*** Source material Section Begins ***

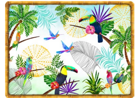
SET-MTO : SET DE TABLE TOUCANS DE RIO TOUCANS OF RIO PLACEMAT 40 x 30 cm
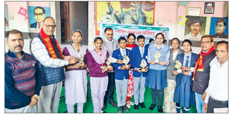
बहादुरगढ़। विजेता विद्यार्थियों को सम्मानित करते भाविय पदाधिकारी।
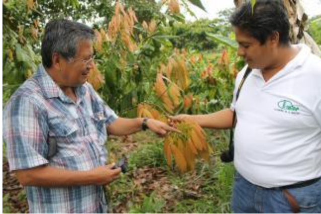
Fotografía 1. Visita del Líder Nacional a la colección de ancestros de cacao - G.E. Domono.
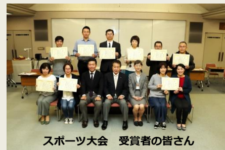
スポーツ大会 受賞者の皆さん

☆ソフトボール大会 (11/11) 優勝 上巻分方小 準優勝 第二小 山田小 合同チーム 三位 上川口小
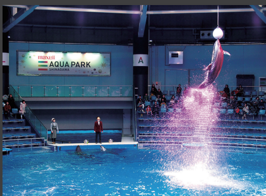
▲ 「ザ スタジアム」 でのドルフィン・パフォーマンス。

*** Source material Section Ends ***

■ What is being asked
The lines to copy run from the line containing "बहादुरगढ़। विजेता विद्यार्थियों" through the end of the data above; copy exactly those, minus the pictures.

■ Expected answer
बहादुरगढ़। विजेता विद्यार्थियों को सम्मानित करते भाविय पदाधिकारी।
Fotografía 1. Visita del Líder Nacional a la colección de ancestros de cacao - G.E. Domono.
スポーツ大会 受賞者の皆さん

☆ソフトボール大会 (11/11) 優勝 上巻分方小 準優勝 第二小 山田小 合同チーム 三位 上川口小
▲ 「ザ スタジアム」 でのドルフィン・パフォーマンス。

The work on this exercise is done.